Better housing for animals offers protection against both disease and predators (© FAO/EAHMI)
Better housing for animals offers protection against both disease and predators
© FAO/EAHMI

Bringing the concept of environmental health from human medicine to the farm, the UN Food and Agriculture Organization (FAO) has been helping the governments of the Philippines, Cambodia and Laos map and manage interactions between farm animals, the environment, and dangerous pathogens. In recent years it has been all too apparent that a poor living environment for livestock can foster diseases such as Avian Influenza, H1N1 and salmonella, making the environmental conditions of animal production an issue of urgent worldwide importance. As the source of some of the most dangerous outbreaks of recent years, South-East Asia is at the centre of this new global focus on animal health, which, in many cases, also represents a veterinary public health concern.

Farmers here have been micro-managing some environmental conditions on their own land for centuries, but other factors - such as water quality, zoning, and surveillance of disease outbreaks - must be dealt with on a larger scale. In either case, if disease control and sustainable development are to improve, the many interactions between farm animals and the environment must be understood, mapped, and addressed with unprecedented coordination and collective action.

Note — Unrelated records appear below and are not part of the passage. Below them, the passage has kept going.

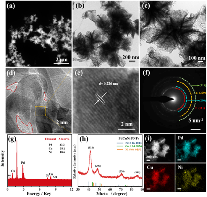 | Fig. 1. Typical (a) HAADF-STEM image, (b, c) TEM image, (d, e) HRTEM image, (f) SAED, (g) SEM-EDS spectrum, (h) XRD pattern and (i) elemental mapping analysis of the PdCuNi PNFs. | |
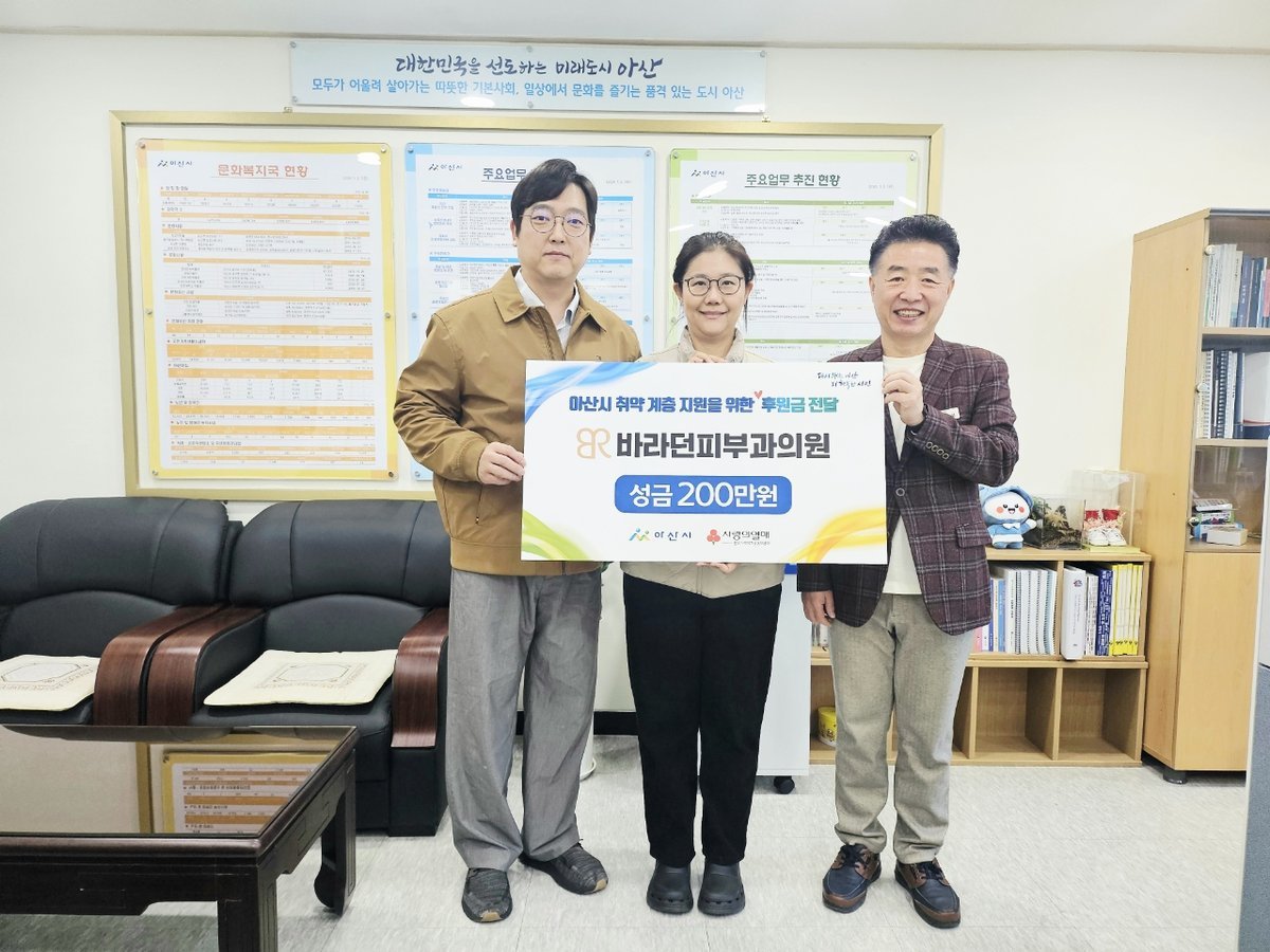 [충청25시] 아산시는 19일 바라던피부과의원이 지역 취약계층을 위해 200만원을 후원했다고 밝혔다.
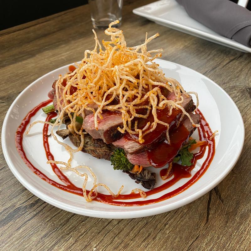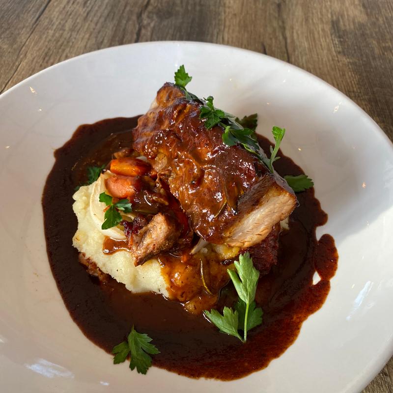 Garlic Confit Mashed Potatoes, Smoked Onions, Carrots, Red Currant Truffle Demi, Red Currant Sumac Syrup, Parsley / D GF
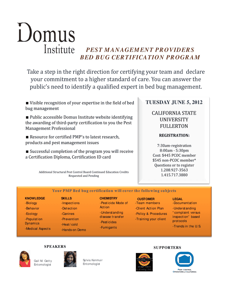 Get the free PEST MANAGEMENT PROVIDERS BED BUG CERTIFICATION PROGRAM

Animals in their environment

The Philippines, Cambodia and Laos are working with FAO to establish just such a holistic approach through the Environmental Animal Health Management Initiative (EAHMI). Funding from the Government of Italy is supporting a combination of integrated animal disease management, improved animal husbandry and farm management practices, and better use of natural resources, all based on coordinated geographic information. Along the way the initiative is helping to define, in practice, the emerging field of environmental animal health management.

Bio-digesters convert manure and farm waste into biogas for lighting and cooking (© Cambodia National Bio-digester Programme)
Bio-digesters convert manure and farm waste into biogas for lighting and cooking
© Cambodia National Bio-digester Programme

"The concept derives from 'environmental health' in human medicine, and originates from various discussions in FAO's Department of Animal Production and Health in Rome and Bangkok in the late 1990s and early 2000s," says project coordinator David Bourn. Environmental health encompasses all aspects of health and welfare that are determined by physical, chemical and biological factors external to the human body - or, in this case, the pig, chicken, water buffalo, cow or any other domestic animal.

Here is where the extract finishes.